Got it. Or as I say, what's the difference between partly sunny and partly cloudy?

I'm considered borderline positive. And, according to the oncologist, it's better to err on that side.

Joan

Cal-Gal
11-23-2009, 04:58 PM
Hi Rich,

I am HER2 equivocal--and receiving Herceptin--
2 of my tumors were negative and 2 equivocal--

I feel fortunate that I am taking Herceptin--
especially in light of the fact that I am ER/PR negative--

webmum
11-24-2009, 06:16 AM
I remember my oncologist sayin I was exactly borderline, 2.25 as 2.3 would have been overexpression and 2.2 underexpression.
Eventually they said they "manipulated" the sample in some way or other and finally got a positive result. At the time I thought they were being very keen to enrol me on this trial (with lapatinib) just so they had more patients.....but then realised they were only keen to save my life as I would have been triple neg otherwise.

grade 3 stage 3a, 5cm KI67 of 90%, a 2cm lump in lymphnodes....I needed all the help I could get!!

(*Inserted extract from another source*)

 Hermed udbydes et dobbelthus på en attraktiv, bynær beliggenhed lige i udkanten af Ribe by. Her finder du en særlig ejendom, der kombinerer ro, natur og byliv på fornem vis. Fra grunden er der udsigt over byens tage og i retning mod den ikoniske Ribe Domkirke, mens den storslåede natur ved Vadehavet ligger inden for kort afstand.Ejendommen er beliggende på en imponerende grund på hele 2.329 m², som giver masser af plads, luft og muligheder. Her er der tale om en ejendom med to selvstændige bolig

(After surgery I was told it had been a complete response, I could never thank my oncologists enough!)

chiara

Cal-Gal
11-24-2009, 10:13 AM
Rich-thanks for this conversation--it is important---I did alter my dx history to reflect the 2tumors negative Her2---2tumors equivocal Her2---any way you look at it---all my tumors overexpressed--it is to the degree that they overexpressed--which gives us the further detail---I am thankful for Herceptin--as I am ER/PR negative and besides chemo there are no other options at this point in time---

Rich66
11-24-2009, 11:00 AM
Given the relatively low side effect profile, Herceptin seems a pretty manageable way to get some edge on the beast. Herceptin gave my mom less side effects than Arimidex. And she appears to be quite the sensitive one.

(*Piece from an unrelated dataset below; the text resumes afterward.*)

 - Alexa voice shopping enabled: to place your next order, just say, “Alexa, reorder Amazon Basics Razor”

Joan,The other way is the classic half empty, half full. Of course, the "cloudy" imagery might be very appropriate.

Manipulated the sample, webmum? Sounds err FISHy. I have visions of the onco version of swapping urine samples for a drug test;)
The thing about these results, if I can resume beating the dead horse, is that the limited sampling, time to fixation and varying quality of interpretation is a bit unnerving. I 've heard everything from "1.8 is as negative as can be" to the statement at the top of this thread. The fact that Cal-Gal mentions varying status between tumors at time of surgery is a prime example. A mets patient is lucky to get 1 biopsy and they extrapolate from there. Hardly an adequate approach as we embrace "targeted" treatment decisions. Just like screening, we don't need less testing..just better testing.

Mcgle, are you talking about IHC because 2 is positive by FISH test? BTW, the only reason for the treatment signatures is to help put people's situation in context. I was uncomfortable with the idea until I realized how helpful it was to learn from and make useful comments. If I came across a treatment issue, I could remember "Ah..so and so had that, wonder what she thinks about it" With a profile name like mcgle(how to prnounce it?), your anonymity is assured. I actually found it very helpful to force things into a one page format. Most oncs don't have anything as concise as what patients here put together.

Cal-Gal
11-24-2009, 11:09 AM
Hi Rich--also noted that the FISH test has a variance range of .2 or 2 points--whatever that is? I know you will correct that---(don't want to dig out my pathology-)

so that variance factor could make a difference to someone like me who has all 4 tumors overexpressing HER2-but 2 'officially' negative and 2 'officially' equivocal--the 2 that are equivocal would be positive if you added in the variance--

why can't this be simpler?

mcgle
11-24-2009, 11:32 AM
Rich

My rather unusual case (good prognostic indicators in spite of the HER2 element) was referred to a professor of oncology here in the UK.

My IHC test came back at 2+ which is why they went ahead with the FISH test. There are obviously differing opinions here because said prof stated 2 was definitely negative and 3 was definitely positive, which is why I am borderline positive.

Hope this explains things.

BTW, Mcgle is an acronym of family members' names.